Brief =>
Return the lines of the listing below exactly as they appear, beginning at the one with "With the oboe, there" and stopping after the one with "Glimmer of hope"; do not include pictures.

Data =>
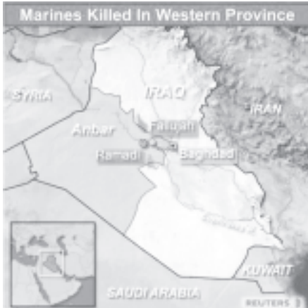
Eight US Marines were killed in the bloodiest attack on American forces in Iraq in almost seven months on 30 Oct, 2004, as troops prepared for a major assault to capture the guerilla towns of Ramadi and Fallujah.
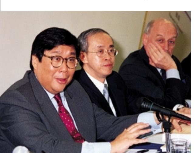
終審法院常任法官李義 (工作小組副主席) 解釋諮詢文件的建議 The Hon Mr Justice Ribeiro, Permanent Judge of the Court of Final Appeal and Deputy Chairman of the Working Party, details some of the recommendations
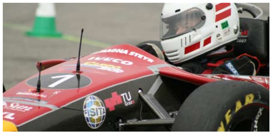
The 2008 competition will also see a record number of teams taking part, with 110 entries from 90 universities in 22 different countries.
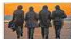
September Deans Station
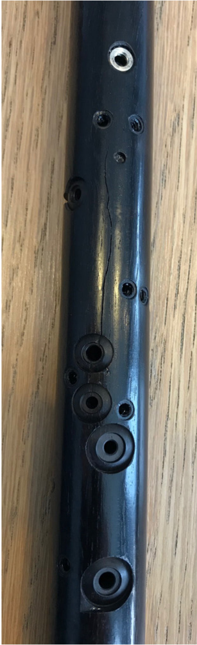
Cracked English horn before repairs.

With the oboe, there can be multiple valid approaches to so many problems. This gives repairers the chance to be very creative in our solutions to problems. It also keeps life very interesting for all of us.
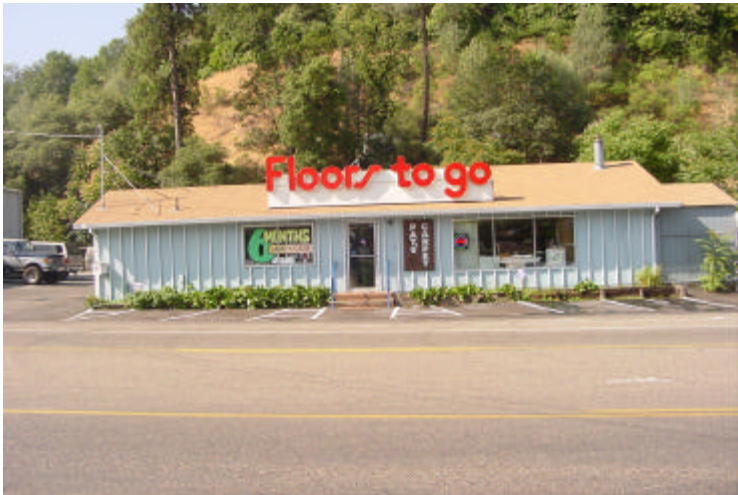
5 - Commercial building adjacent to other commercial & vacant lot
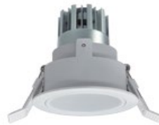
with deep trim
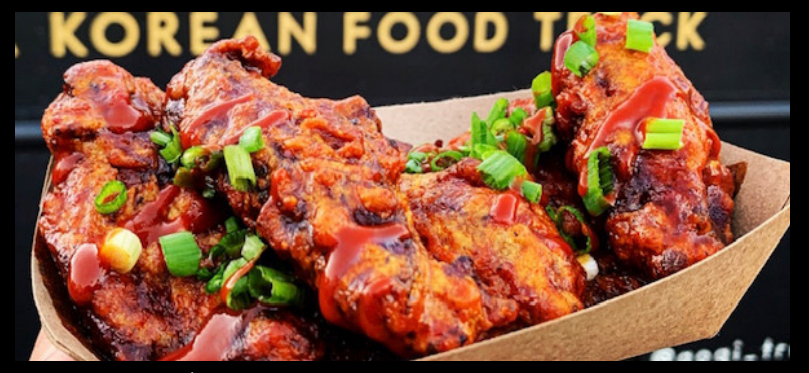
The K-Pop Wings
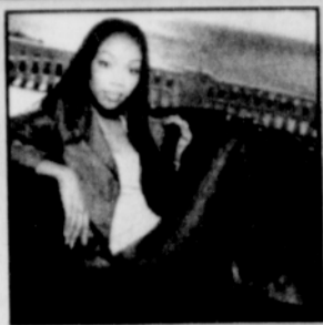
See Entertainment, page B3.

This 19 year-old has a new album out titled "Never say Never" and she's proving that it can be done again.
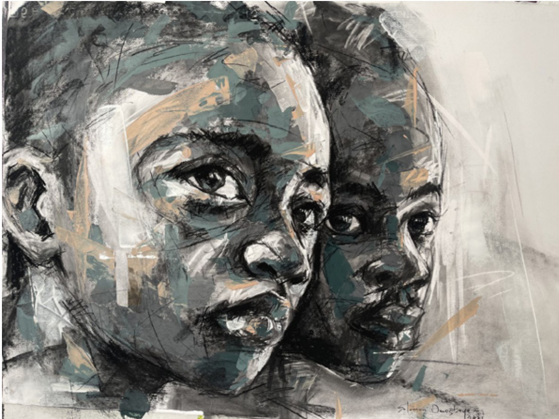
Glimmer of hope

---

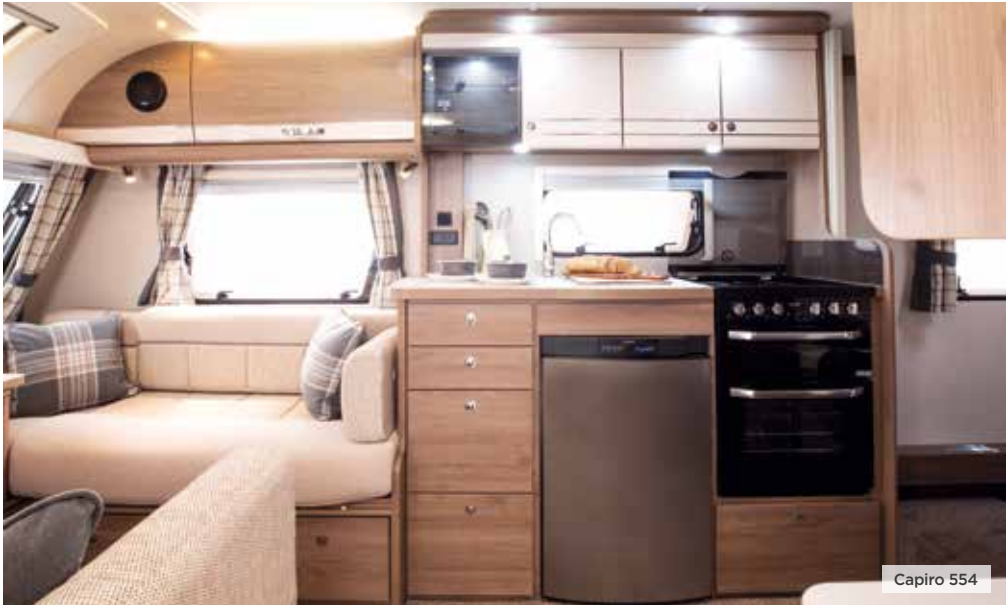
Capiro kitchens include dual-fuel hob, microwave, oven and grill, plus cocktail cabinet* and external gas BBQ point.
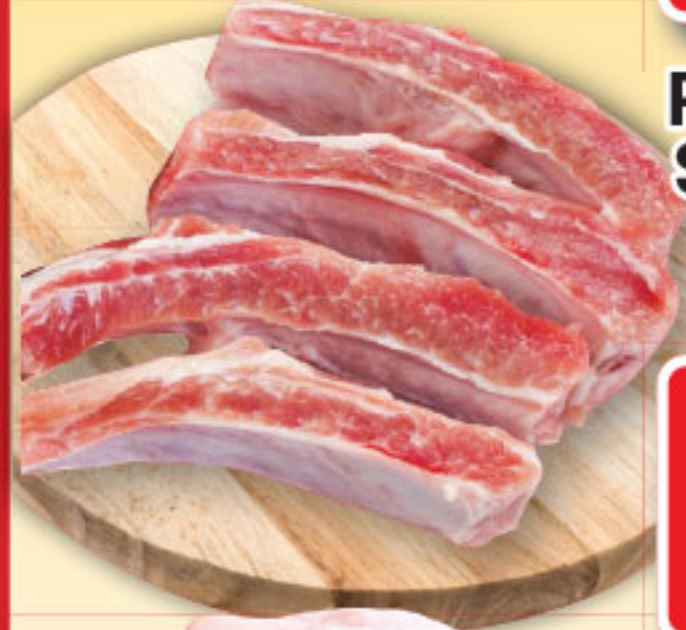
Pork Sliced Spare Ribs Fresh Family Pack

Solution to the exercise =>
With the oboe, there can be multiple valid approaches to so many problems. This gives repairers the chance to be very creative in our solutions to problems. It also keeps life very interesting for all of us.
5 - Commercial building adjacent to other commercial & vacant lot
with deep trim
The K-Pop Wings
See Entertainment, page B3.

This 19 year-old has a new album out titled "Never say Never" and she's proving that it can be done again.
Glimmer of hope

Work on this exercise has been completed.